Okay. So, here is an informative Python repl session.

>>> import timeit
>>> timeit.timeit(lambda: pan_value((5, 0), 90, (2, 0)), number=10000)/10000.0
1.0377488363072835e-05
>>> timeit.timeit(lambda: pan_value((5, 0), 90, (2, 0)), number=10000)
0.10387503569908141
>>>

So you can basically run 2 or 3 thousand calls to it a frame without it even being that big a deal.
Your version may be faster, but mine is extensible.  The magnitude, normalize  and dot functions I am utilizing will work with any number of dimensions, up to and including vectors that are so long they break your ram.  Unfortunately, the pan_value function only works in 2-the 3-dimensional version absolutely requires transformation matrices, because otherwise you have to do a projection onto a plane.  Obviously panning stops mattering once we get into 4, as do most games.
But seriously, don't optimize until and unless it proves to be too slow.  This can be microoptimized even further by not using tuples at all and getting rid of the dot and normalize functions and technically you can compute cosine with a division.  But it simply does not matter.  Code for clarity, not for speed.
Make your game.&n bsp; When your game proves to be too slow, profile it.  Then fix whichever functions are at the top of the list of total time taken.  Any other optimization in Python is simply not worth it-if you are actually doing something that might actually have a performance issue of this sort at all then you're using C/C++.

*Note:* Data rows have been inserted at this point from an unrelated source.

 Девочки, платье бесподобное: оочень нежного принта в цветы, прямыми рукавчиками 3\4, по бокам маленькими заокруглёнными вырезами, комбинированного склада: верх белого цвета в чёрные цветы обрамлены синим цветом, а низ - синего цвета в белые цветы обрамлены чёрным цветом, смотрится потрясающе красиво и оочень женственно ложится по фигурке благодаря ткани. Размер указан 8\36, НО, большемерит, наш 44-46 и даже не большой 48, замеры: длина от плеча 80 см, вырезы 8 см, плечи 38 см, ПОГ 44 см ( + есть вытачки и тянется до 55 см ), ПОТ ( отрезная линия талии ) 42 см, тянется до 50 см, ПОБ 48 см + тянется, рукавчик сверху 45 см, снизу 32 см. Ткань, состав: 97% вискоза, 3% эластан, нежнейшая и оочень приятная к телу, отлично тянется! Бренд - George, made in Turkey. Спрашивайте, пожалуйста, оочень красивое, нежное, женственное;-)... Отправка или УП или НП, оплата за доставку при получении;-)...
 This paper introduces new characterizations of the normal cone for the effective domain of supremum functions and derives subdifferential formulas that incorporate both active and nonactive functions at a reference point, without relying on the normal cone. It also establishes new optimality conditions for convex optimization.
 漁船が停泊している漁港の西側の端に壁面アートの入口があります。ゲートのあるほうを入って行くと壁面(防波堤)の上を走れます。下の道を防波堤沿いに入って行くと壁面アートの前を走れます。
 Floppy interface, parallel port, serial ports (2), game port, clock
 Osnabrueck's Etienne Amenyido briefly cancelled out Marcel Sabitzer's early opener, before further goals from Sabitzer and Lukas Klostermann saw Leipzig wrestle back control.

And I could care less about Python 3-a huge number of libraries remain unported, enough that most people who use the language still use 2.  This is changing and I'll start caring when Twisted and Gevent port as, if you're going to try networked games in Python, you really really want one or the other of those.  3 has some very nice features, but a lot of the useful stuff is available as backports and it's just not worth it without all the stuff you can get in 2 (hint: gameobjects, possibly the ODE bindings, not sure if lxml ported yet or not...).  3 is nice in theory, but it's going to stay theory until we actually see a concerted effort by all the major libraries-in practice, braking backward compatibility in an established programming language as they did means they're lucky that Python is still popular.